Work to be completed
Leaving out the pictures, return word for word the stretch of entries below from the line holding "Bilz, Rudolf: Trinker." through the line holding "兴坪漓江风景特别好,去了才知".

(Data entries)

***

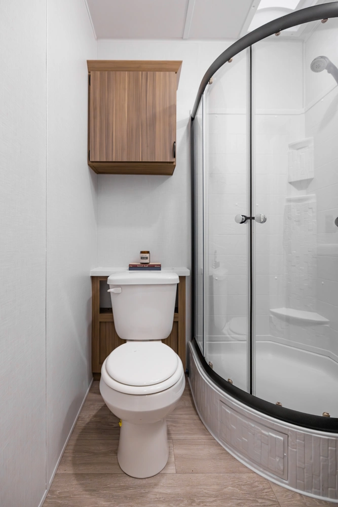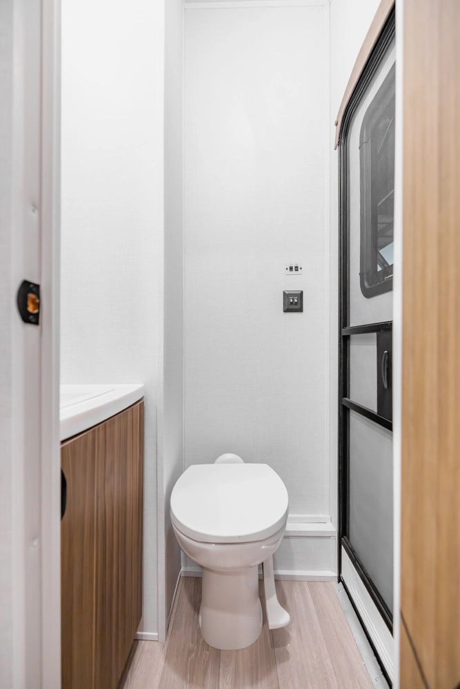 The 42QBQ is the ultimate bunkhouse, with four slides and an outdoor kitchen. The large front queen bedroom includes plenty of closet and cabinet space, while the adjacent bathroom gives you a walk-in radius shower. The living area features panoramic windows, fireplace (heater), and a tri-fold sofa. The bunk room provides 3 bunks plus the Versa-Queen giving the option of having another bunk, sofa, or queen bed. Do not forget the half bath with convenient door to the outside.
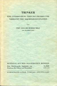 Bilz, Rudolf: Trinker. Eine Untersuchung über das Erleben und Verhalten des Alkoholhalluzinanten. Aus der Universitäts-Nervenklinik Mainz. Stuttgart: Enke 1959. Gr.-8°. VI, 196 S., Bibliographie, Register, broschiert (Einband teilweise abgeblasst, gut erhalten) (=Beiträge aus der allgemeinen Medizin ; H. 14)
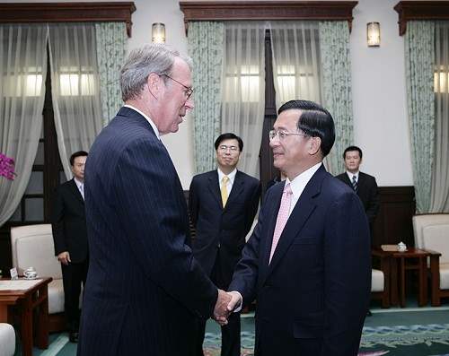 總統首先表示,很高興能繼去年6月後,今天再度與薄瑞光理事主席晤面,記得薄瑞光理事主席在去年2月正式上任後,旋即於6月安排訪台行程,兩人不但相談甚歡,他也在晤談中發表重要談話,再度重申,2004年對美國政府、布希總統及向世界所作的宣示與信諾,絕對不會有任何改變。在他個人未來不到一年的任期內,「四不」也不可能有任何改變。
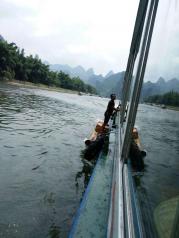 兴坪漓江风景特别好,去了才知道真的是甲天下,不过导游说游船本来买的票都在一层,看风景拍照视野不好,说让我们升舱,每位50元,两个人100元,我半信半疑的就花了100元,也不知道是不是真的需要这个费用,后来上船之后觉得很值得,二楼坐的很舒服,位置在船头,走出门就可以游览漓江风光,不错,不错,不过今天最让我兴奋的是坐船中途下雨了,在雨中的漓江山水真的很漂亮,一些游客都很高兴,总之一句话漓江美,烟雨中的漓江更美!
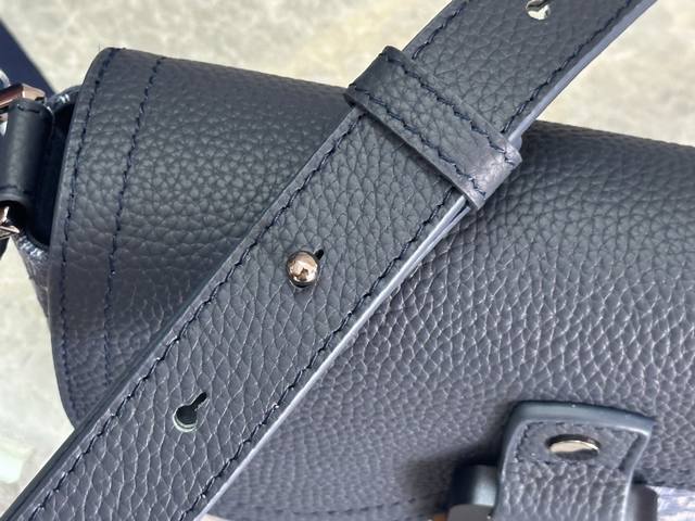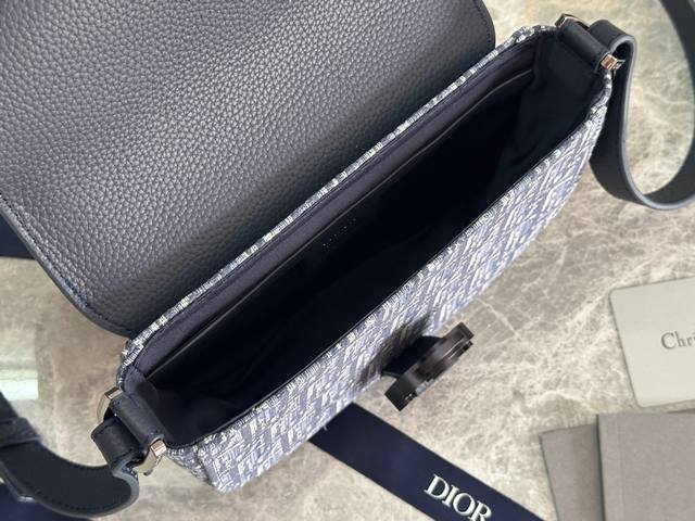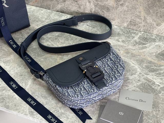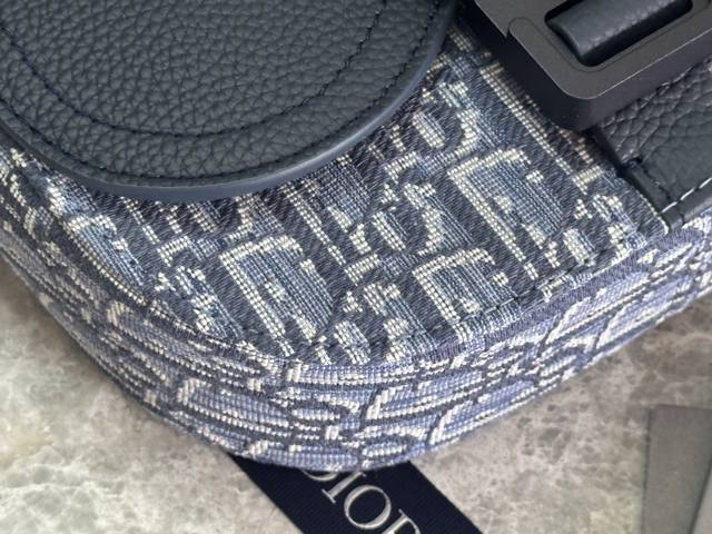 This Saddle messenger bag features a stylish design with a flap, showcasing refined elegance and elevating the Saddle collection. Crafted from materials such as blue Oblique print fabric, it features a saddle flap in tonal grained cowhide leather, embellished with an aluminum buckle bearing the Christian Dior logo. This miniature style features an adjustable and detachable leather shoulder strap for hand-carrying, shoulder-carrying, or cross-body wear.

***

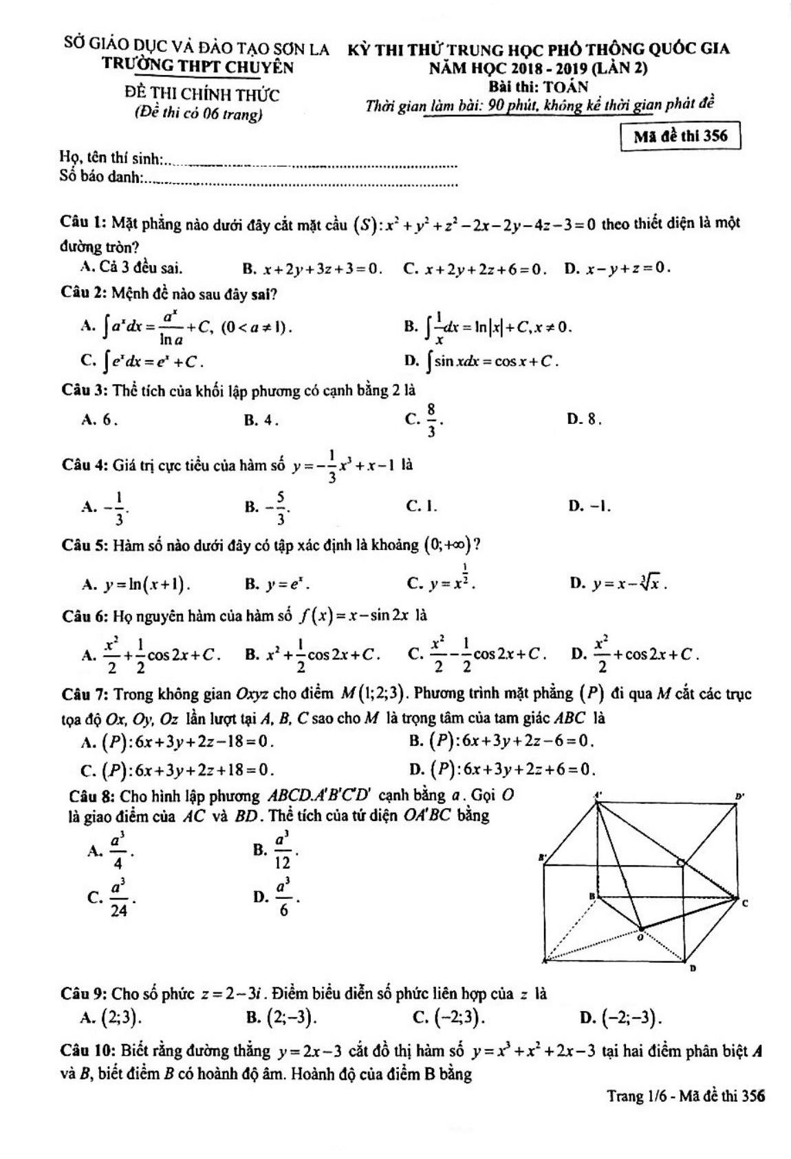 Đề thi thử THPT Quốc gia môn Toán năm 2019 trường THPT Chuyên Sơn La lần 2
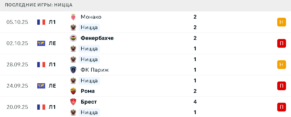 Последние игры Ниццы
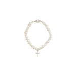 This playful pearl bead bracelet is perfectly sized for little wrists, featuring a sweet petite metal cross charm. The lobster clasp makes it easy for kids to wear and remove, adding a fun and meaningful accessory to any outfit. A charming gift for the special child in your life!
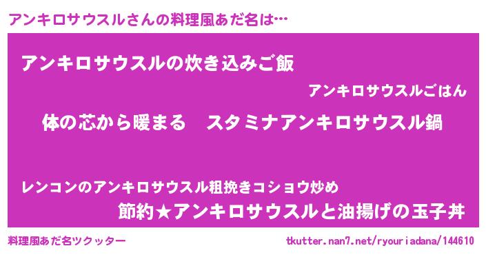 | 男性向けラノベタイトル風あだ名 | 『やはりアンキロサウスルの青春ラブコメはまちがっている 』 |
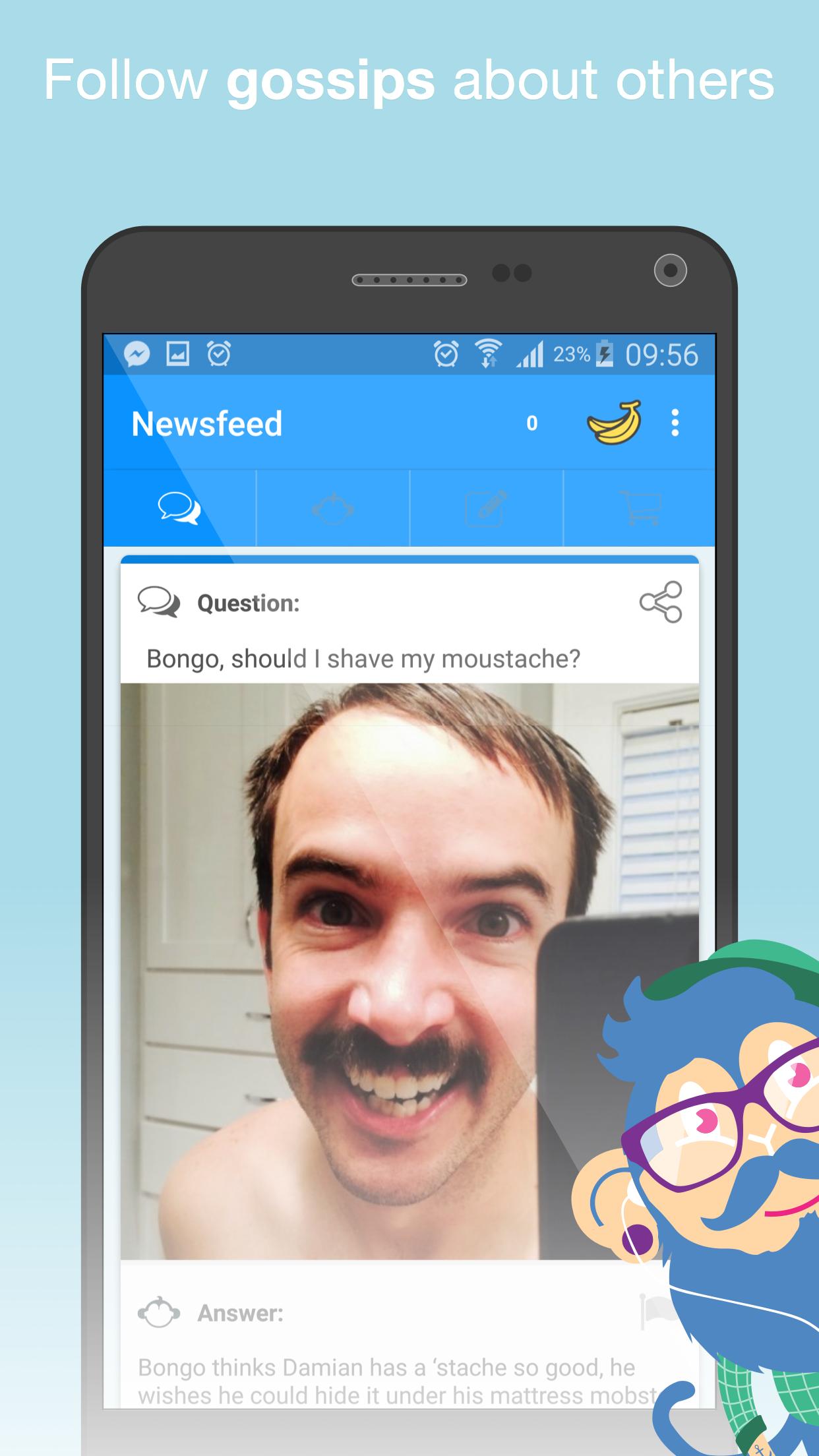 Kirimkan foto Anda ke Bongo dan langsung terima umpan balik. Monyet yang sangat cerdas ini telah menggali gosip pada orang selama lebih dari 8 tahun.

***

Answer to this problem
 Bilz, Rudolf: Trinker. Eine Untersuchung über das Erleben und Verhalten des Alkoholhalluzinanten. Aus der Universitäts-Nervenklinik Mainz. Stuttgart: Enke 1959. Gr.-8°. VI, 196 S., Bibliographie, Register, broschiert (Einband teilweise abgeblasst, gut erhalten) (=Beiträge aus der allgemeinen Medizin ; H. 14)
 總統首先表示,很高興能繼去年6月後,今天再度與薄瑞光理事主席晤面,記得薄瑞光理事主席在去年2月正式上任後,旋即於6月安排訪台行程,兩人不但相談甚歡,他也在晤談中發表重要談話,再度重申,2004年對美國政府、布希總統及向世界所作的宣示與信諾,絕對不會有任何改變。在他個人未來不到一年的任期內,「四不」也不可能有任何改變。
 兴坪漓江风景特别好,去了才知道真的是甲天下,不过导游说游船本来买的票都在一层,看风景拍照视野不好,说让我们升舱,每位50元,两个人100元,我半信半疑的就花了100元,也不知道是不是真的需要这个费用,后来上船之后觉得很值得,二楼坐的很舒服,位置在船头,走出门就可以游览漓江风光,不错,不错,不过今天最让我兴奋的是坐船中途下雨了,在雨中的漓江山水真的很漂亮,一些游客都很高兴,总之一句话漓江美,烟雨中的漓江更美!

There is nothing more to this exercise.